As shown in the third column of Table 7, our method achieves F1 of 99.7%, far ahead of MSCDAE and SCCAE by 12.7 and 33.6 percentage points. This result illustrates that our method is more suitable for defect detection on syringe scales.

5.6.2 The visual result of SDD

After the process of SeNet, the distinct scale defects, such as the first row of Fig. 9f, are predicted as background, while the similar scale defects, such as the first row of Fig. 9b, are extracted as foreground. Scale defect discriminator (SDD) is responsible for further processing of the extracted result and detecting the scales defect. We show diverse kinds of scale defects (the first row) and the detected result (the last row )of our method in Fig. 9.

Shown in Fig. 9, SDD presents a favorable ability to detect both distinct scale defects and similar scale defects. Concretely, for the distinct scale defect, such as the OT defect, shown in Fig. 9f, our method can mark the defect target accurately and is less affected by the category of defects. For the similar scale defect, like the broken defect, shown in Fig. 9a, SDD can identify all the parts of defected scales by scale grouping. These results demonstrate that our method not only presents robust to diverse and uncertain defects but also has the ability to accurately mark defect.

5.6.3 The effect of scale grouping

Scale grouping is used to group scale blocks and detect broken defects. To verify the effectiveness of scale grouping, we implement the ablation experiment on it.
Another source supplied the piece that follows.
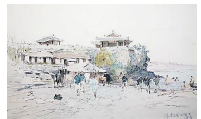
浅井忠《平壤大同江煉光亭》

The result is shown in Table 8. Clearly shown in the third and fourth rows of the table when we adopt scale grouping in SDD, our method obtains a better F1, that is, 6.7 percentage points improvement over the result without scale grouping (the fifth and sixth rows). Concretely, adopting scale grouping drastically reduces the number of broken defect error items from 71 to 2. Besides, scale grouping also promotes the detection accuracy for EX and MIS defects. These improvements illustrate the importance of scale grouping for SDD.

6 Conclusion

In this paper, we propose a scale extraction neural network with the BCE loss function (SeNet) and a scale defect discriminator (SDD) to detect the defects for syringes. Utilizing a small number of negative samples to train the model, our SeNet can extract the main structure of scales effectively. After dividing the extracted scales into groups, SDD inspects these scale groups by analyzing the correlations among different groups to identify the defects. To verify our method, we build a real-world syringe scale dataset with 1205 samples and apply our method to it. We reach the F1 of 99.7% for image-level prediction, while the IOU of 88.0% for pixel-level prediction. In summary, our method shows the combination of deep learning (our deep neural network, i.e., SeNet) and the conventional machine vision-based method (our scale defect discriminator, i.e., SDD) is important for syringe defects detection, especially in the scenarios with many defect uncertainty and limited negative samples.